## [What you will do]
Using "Kavalleriestrasse" as the search string, find the matching lines below and copy them.

[Data extracted from a collection]
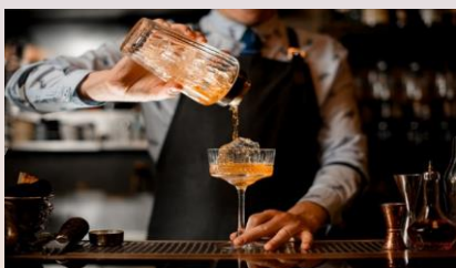
兩杯免費迎賓飲品

參觀香港貿易發展局在香港會議展覽中心舉行的香港鐘表展及CENTRESTAGE，從一系列專屬體驗中選擇一項禮遇：
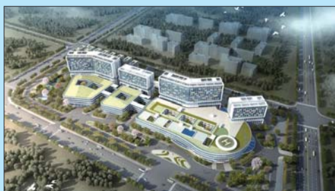
建设中的济宁市立医院(济医附院太白湖院区)效果图。

2015年,济医附院通过JCI国际医院标准认证,被山东省卫计委确定为“山东省区域医疗中心”,2017年医院被国家卫计委评为“全国优质医疗服务示范医院”、“全国改善医疗服务行动先进单位”,2018年6月顺利通过国家三级甲等医院复审;自2003年至2017年底,实施临床路径管理患者数量达到45万例,今年7月当选山东省医院协会临床路径专业委员会主任委员单位;医院区域医疗中心技术人才优势日益显现,发起成立了济医附院胸痛专科联盟、鲁西南康复专科学联盟、济宁市质量管理联盟、济宁市眼科联盟等;2017年香港艾力彼医院管理研究中心发布榜单,济医附院位列“中国医院竞争力地市级医院100强”第16位。
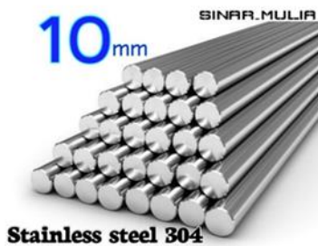
Gambar 3. Ass Stainless Steel

Pada turbin angin ini memerlukan poros utama yang berguna untuk pusat gravitasi dan menopang bentuk keseluruhan dan poros utama ini juga harus kuat menahan putaran turbin angin, pada alat ini digunakan komponen mekanis yang bernama Ass stainless steel dengan panjang 450 mm dan berdiameter 10 mm.
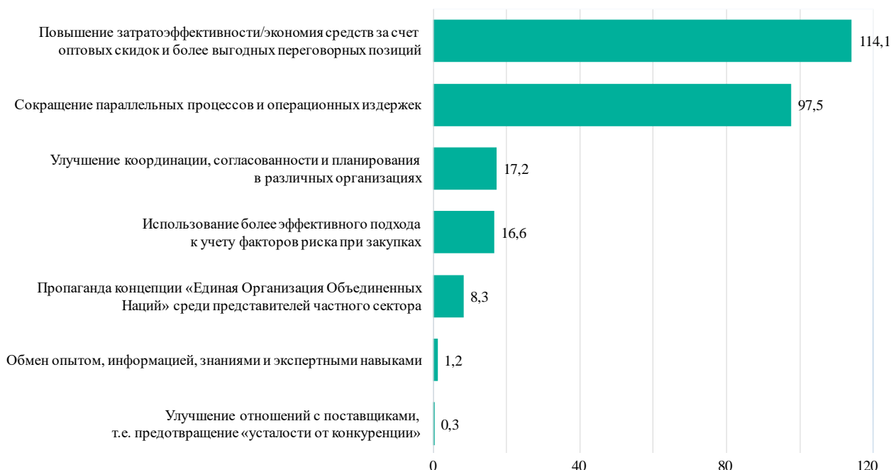
Рисунок 3 Преимущества, достигнутые в 2018 году, в количественном выражении и в разбивке по типам (В млн долл. США)
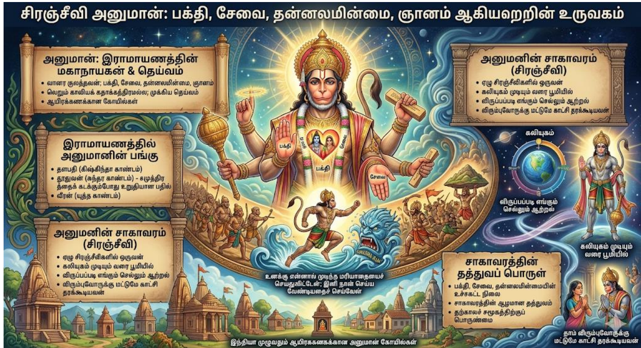
படம் 1: அனுமான் – அடையாளமும் சாகாவரமும்

இந்த ஆய்வின் நோக்கம், அனுமனின் சாகாவரத்தை வெறும் புராண நிகழ்வாக மட்டும் கருதாமல், அதன் தத்துவ அடித்தளங்களை ஆழ்ந்து நோக்குவதாகும். இதன் மூலம், இந்து மெய்யியலில் பக்தி, சேவை, தன்னலமின்மை, சாகாவரம் ஆகிய கருத்துகளின் இடைவெளிகளை விளக்கவும், தற்காலச் சமூகத்தில் இக்கதை எவ்விதப் பொருண்மையைக் கொண்டுள்ளது என்பதை ஆராயவும் இக்கட்டுரை முயல்கிறது.
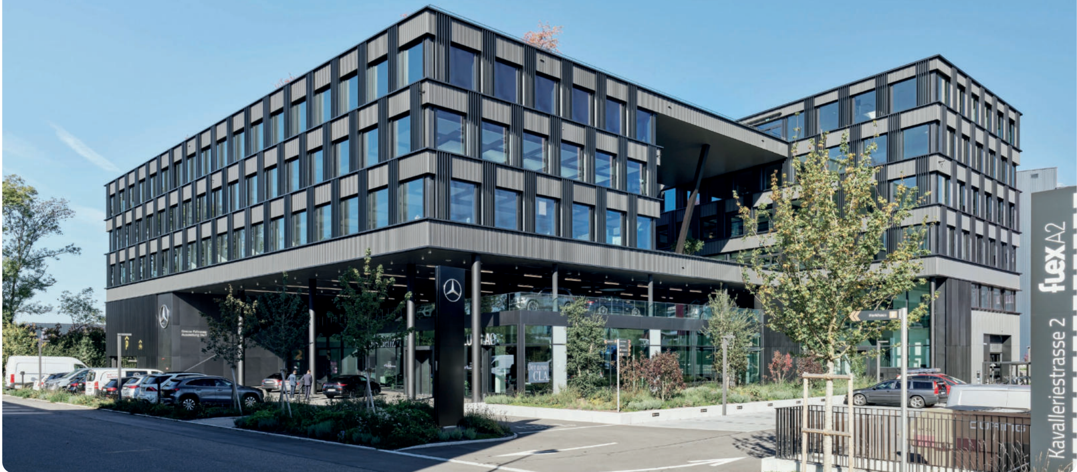
Zufahrt zum flexA2 von der Kavalleriestrasse.

An der Kavalleriestrasse in Sursee ist mit dem flexA2 ein beeindruckender Gewerbebau entstanden, ein sichtbares Zeichen für Unternehmmergeist, Architekturqualität und regionale Verbundenheit – ein Bau, der Sursee wirtschaftlich stärkt und das Stadtbild bereichert.
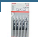
BOSCH T144C Set 5 pinze Recip for Wood 140 mm
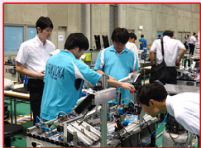
メカトロニクス前目の確認
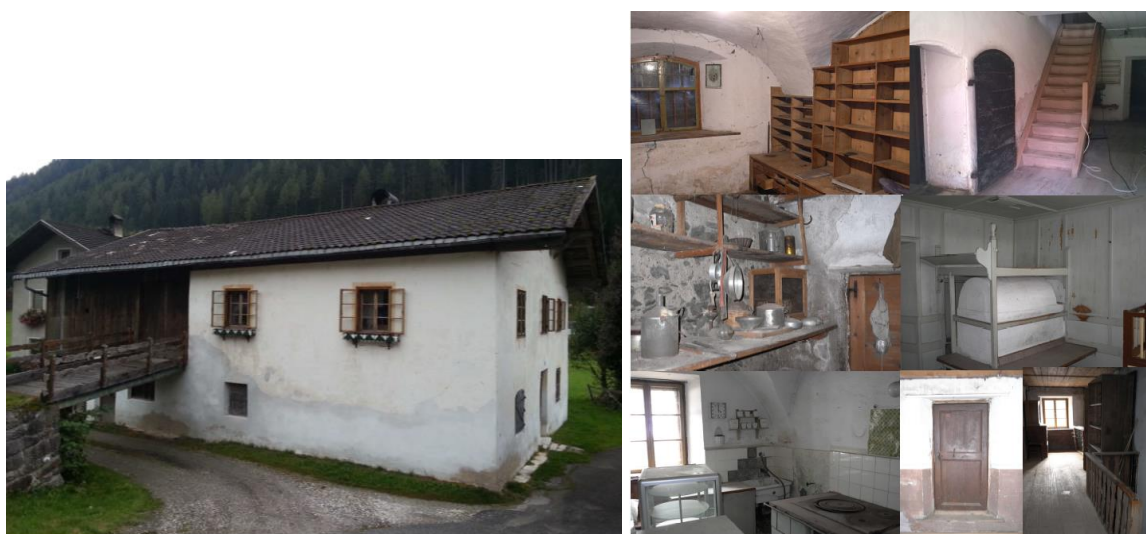
Fig. 3 Maso Knablhof, prima della ristrutturazione – Provincia di Bolzano

## [Task answer]
Zufahrt zum flexA2 von der Kavalleriestrasse.
An der Kavalleriestrasse in Sursee ist mit dem flexA2 ein beeindruckender Gewerbebau entstanden, ein sichtbares Zeichen für Unternehmmergeist, Architekturqualität und regionale Verbundenheit – ein Bau, der Sursee wirtschaftlich stärkt und das Stadtbild bereichert.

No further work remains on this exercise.